## Raw data
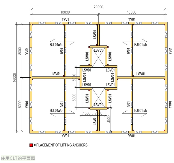 內外墻均為承重和支撐墻,保溫材料使用礦物棉。此外,建筑設計能夠承受2.0 kN/m2的雪載和24 m/s的風載,符合斯德哥爾摩II型地形的要求。 *請注意,這是針對瑞典市場進行的比較,但如果您有需求,歡迎聯系您當地的銷售代表,以找到適合您需求和要求的解決方案。本設計由建筑技術顧問Bjerking AB執行。 使用CLT建造房屋時,除了需要承重外墻,公寓內部也需要承重墻,因為中間樓層較短。而使用Kerto LVL建造時,由于荷載由公寓的外墻承擔,因此不需要承重內墻。
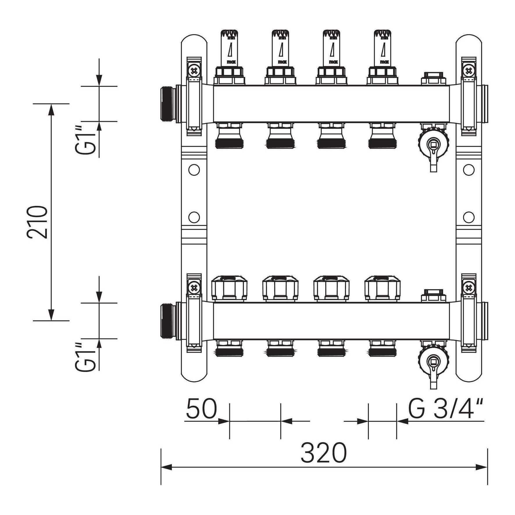 • Nom. diameter secundair: 3/4" (20)
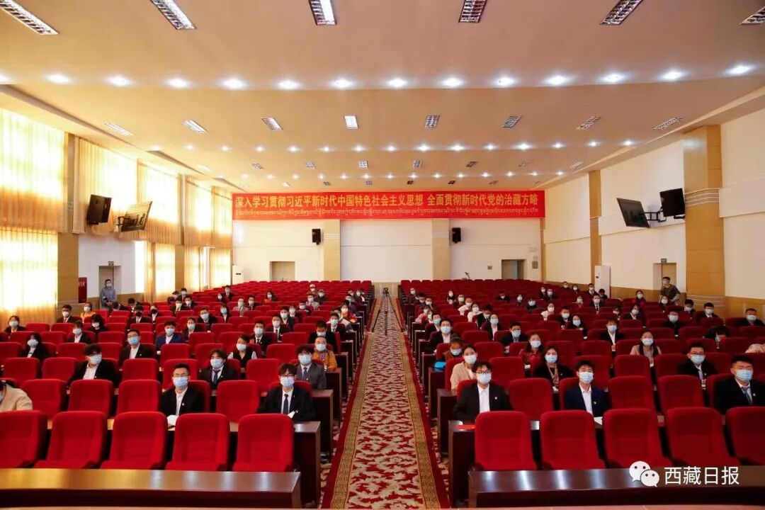 西藏藏医药大学党员干部集中收看开幕会盛况。西藏藏医药大学供图

## Directions
The whole listing is to be duplicated verbatim, apart from its images.

## Result for this exercise
 內外墻均為承重和支撐墻,保溫材料使用礦物棉。此外,建筑設計能夠承受2.0 kN/m2的雪載和24 m/s的風載,符合斯德哥爾摩II型地形的要求。 *請注意,這是針對瑞典市場進行的比較,但如果您有需求,歡迎聯系您當地的銷售代表,以找到適合您需求和要求的解決方案。本設計由建筑技術顧問Bjerking AB執行。 使用CLT建造房屋時,除了需要承重外墻,公寓內部也需要承重墻,因為中間樓層較短。而使用Kerto LVL建造時,由于荷載由公寓的外墻承擔,因此不需要承重內墻。
 • Nom. diameter secundair: 3/4" (20)
 西藏藏医药大学党员干部集中收看开幕会盛况。西藏藏医药大学供图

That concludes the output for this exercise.